The trade war between US and China, the biggest in modern American history,seems to have some aspects not picked up by the media.
As the pressure on China increased, a strange accident occurred last Sunday morning - Saudi Arabia said two of its oil tankers were attacked while sailing toward the Persian Gulfand as many as four ships were damaged. The details are murky, but the reaction laud:Saudi Energy Minister Khalid Al-Falih said the incident aims “to undermine (…) the security of oil supplies to consumers all over the world”. He urged “to mitigate against the adverse consequences (…) on energy markets, and the danger they pose to the global economy.”The US Navy’s 5thfleet which patrols the Persian Gulf from its base in Bahrain declined to comment on the incident.
It should be noted, that the Chinese economic model depends on the security of long maritime supply lines (both into and out of the country) which China is not able to guarantee on their own, they need the US navy to do that.
It could be that president Trump wants US to be paid for this protection, and the incident in the Gulf served as reminder of who’s got the upper hand.
He is a businessman after all.
As a side note, given the level of tension it is amazing that the stock markets are still priced for perfection.
Trade with the US has one aspect many don’t realize – it lubricates the international financial system by doubling the money that is called US “trade deficit”.
In essence, limiting the trade will have a double negative effect on the suppliers.
The trade works like this: let’s say a firm from Japan sells $1M worth of products to a customer in the US. Their invoice gets paid in US$ for which the Japanese have little use – most of their costs are in Yen, they pay taxes and dividends in Yen.
So, they deposit the $1M in a bank and the money eventually lands at the BOJ, the central bank of Japan.
BOJ creates out of thin air the equivalent of $1M in Yen which then goes to the firm’s account.
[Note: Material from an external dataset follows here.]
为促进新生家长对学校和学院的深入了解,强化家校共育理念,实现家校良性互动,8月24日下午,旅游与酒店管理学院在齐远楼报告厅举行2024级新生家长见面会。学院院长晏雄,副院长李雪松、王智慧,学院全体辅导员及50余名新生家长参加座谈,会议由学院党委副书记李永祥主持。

Now, BOJ also has little use for the dollars, but they have options: they can deposit them at the Federal Reserve or buy American government bonds, in both cases earning an interest.
At the end of this transaction the dollars end up back in the US and there is a fresh equivalent in new Yen on deposit in Japan.
The amount of money involved doubled, and consider that US trade deficit in 2018 was $621 billion, where typically the purchase of goods was offset by the sale of government bonds.
The bottom line is, the size of US trade deficit totally depends on the accounting scheme applied.
To be sure, the bonds are never re-paid, just “rolled over” at maturity.
The real issue is this: by trading financial instruments for real goods the domestic manufacturing base is being destroyed. Trump wants to stop that, as this impacts the lives of people who got him elected and he made promises.
If you have the feeling that there is no free lunch in real life, you’re right. While the bonds sold represent just an accounting entry, the interest payments are real – the compounded interests the US pays out is almost the size of Pentagon budget.
A kid with a calculator will realize quickly that this can’t go on forever.
Hence the governments all over the world have a history of defaulting on their sovereign debt. Some are serial defaulters, like Argentina, some have a history of extending maturities at will, suspending coupon payments and the like.
The Italians practically wrote a book on that.
I have little doubt that the US will be the last to default and it will be the least painful process, perhaps converting debt to equity.
The demand for US bonds and equities remains strong – the money needs to be parked somewhere, and US has the deepest and most liquid markets.
It’s a waiting game – and nobody wants to blink first.